Exactly the lines from the one containing "great peace. |" through the final line of the data below, with pictures omitted, make up the answer.

--- Given entries ---

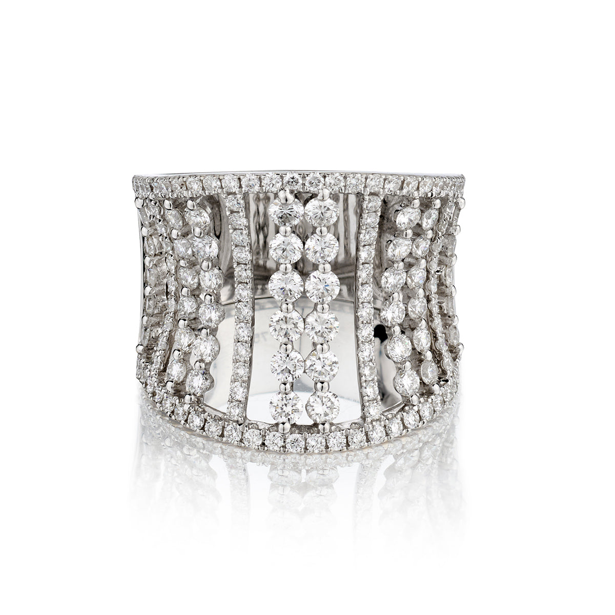 18kt white gold diamond ring. This ring is set with 2.00 total carat weight of brilliant cut diamonds of (VS) in clarity and (G) in colour. Concave design. Measuring: 18mm. Current finger size: 7. This ring can be resized.
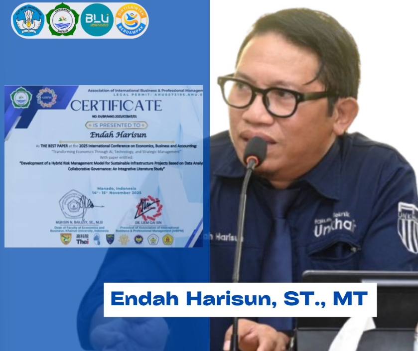 Endah juga tercatat sebagai mahasiswa S3 Unkhair, menyandang penghargaan tertinggi melalui paper berjudul; “Development of a Hybrid Risk Management Model for Sustainable Infrastructure Projects Based on Data Analysis and Collaborative Governance: An Integrative Literature Study.”
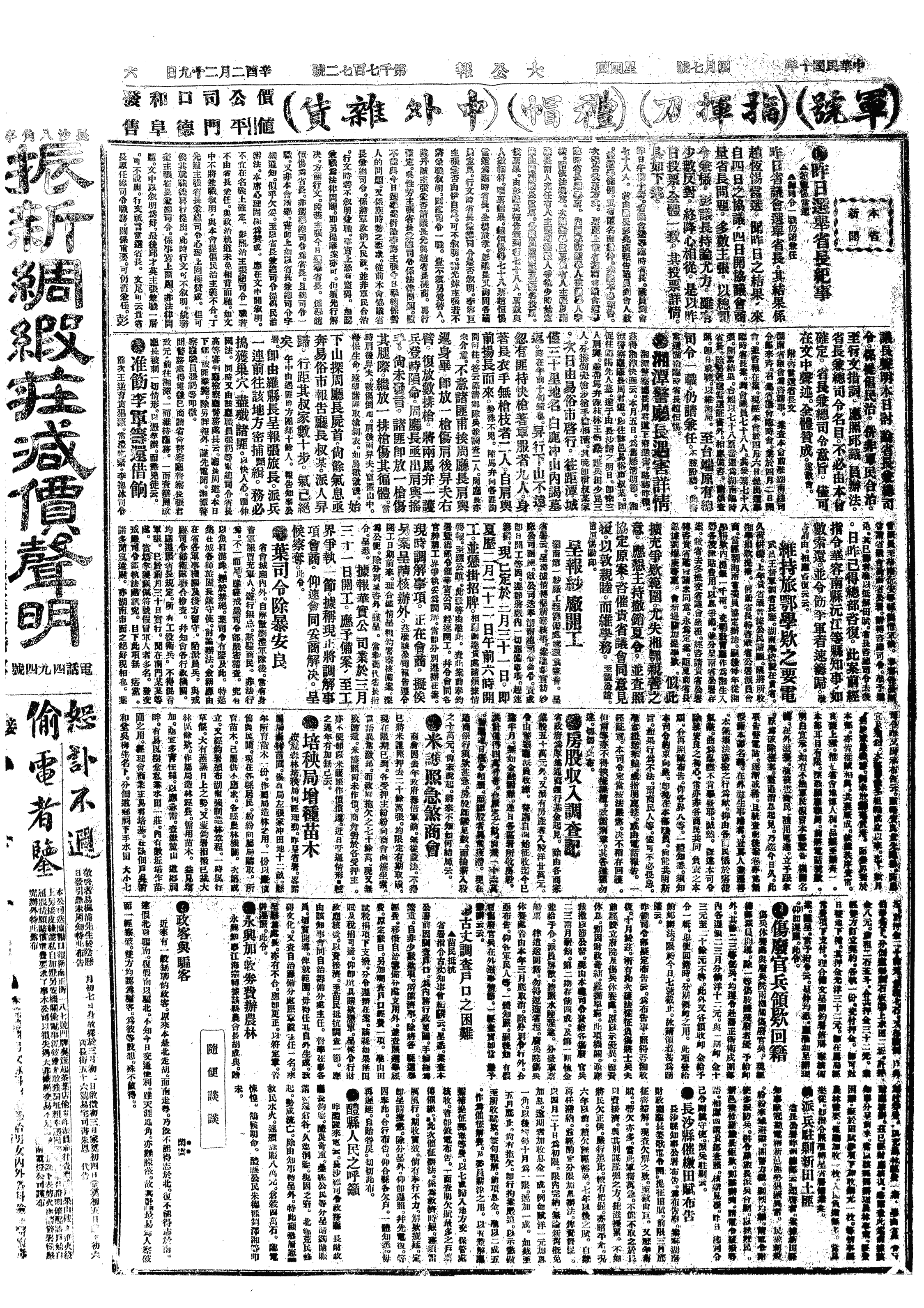 △ 赵恒惕以所谓“湖南各界”名义致电广东,反对选举总统。次日,赵恒惕又致电广州参众两院,声明不承认“非法选出”的总统。赵旋即以湘军全体军官名义通电反对。19日,赵恒惕又拍十万火急电致孙中山及国会,谓国会不足法定人数,选举总统违法。
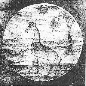 | Back to Table of Contents 5 To next page Chinese painting of a giraffe (1485) ----------------------------------------- Taken from: Laufer Berthold; The Giraffe in History and Art. The following text accompanies the painting: With the tail of an ox and the body of a deer, the animal is seen walking through the wilderness. Auspicious clouds are facing the sun, and the prosperity of the government is clearly in evidence. The people will meet with great success, and there will be a year of abundant harvest. There will be plenty of food, and with songs they will praise the great peace. |
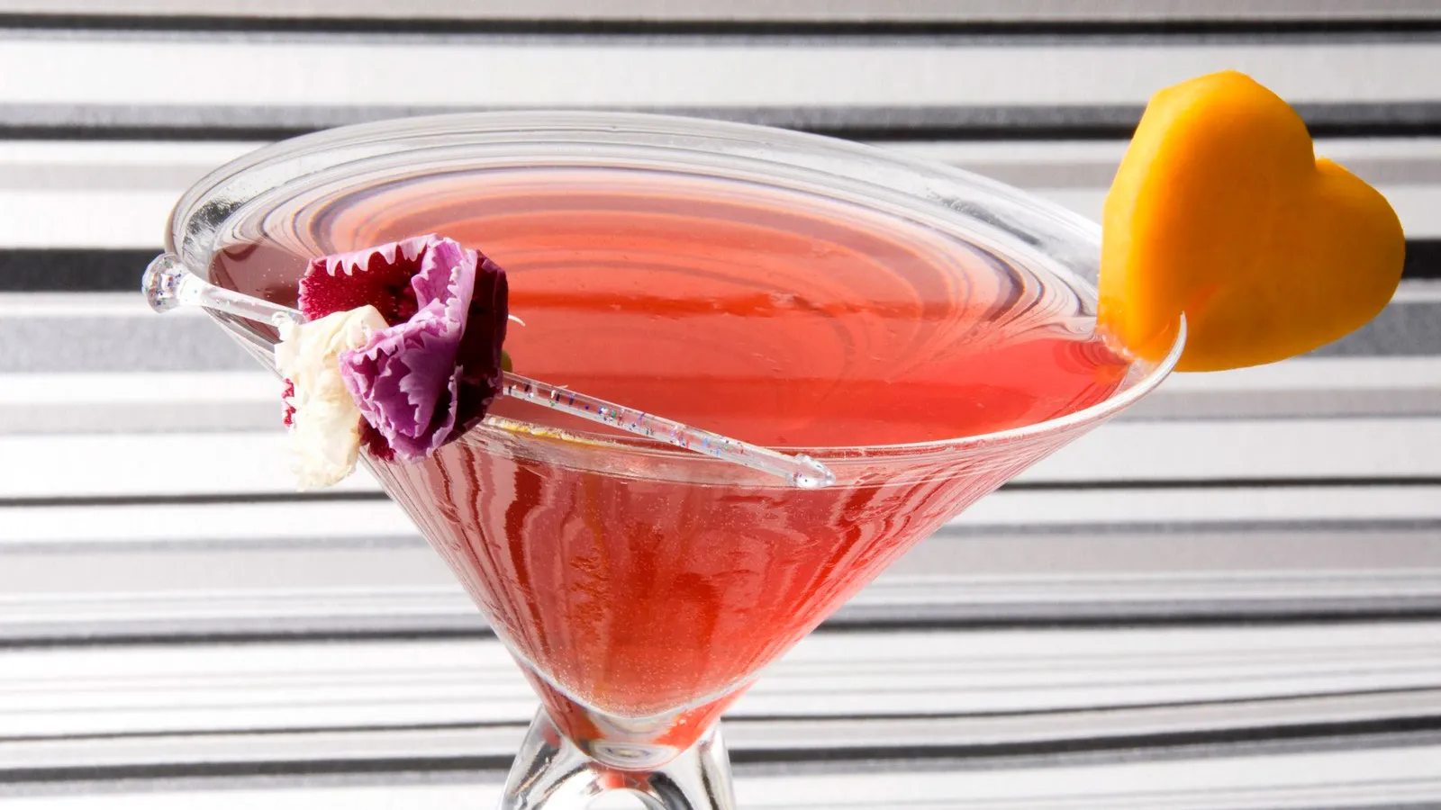 Para decorar, recorta una rodaja de calabaza con forma de corazón con un molde de dicha forma. Hazle un corte y colócala en el borde de la copa. Ensarta en una brocheta flores comestibles y apóyalas en el borde de la copa.

---

Result below ::
 | Back to Table of Contents 5 To next page Chinese painting of a giraffe (1485) ----------------------------------------- Taken from: Laufer Berthold; The Giraffe in History and Art. The following text accompanies the painting: With the tail of an ox and the body of a deer, the animal is seen walking through the wilderness. Auspicious clouds are facing the sun, and the prosperity of the government is clearly in evidence. The people will meet with great success, and there will be a year of abundant harvest. There will be plenty of food, and with songs they will praise the great peace. |
 Para decorar, recorta una rodaja de calabaza con forma de corazón con un molde de dicha forma. Hazle un corte y colócala en el borde de la copa. Ensarta en una brocheta flores comestibles y apóyalas en el borde de la copa.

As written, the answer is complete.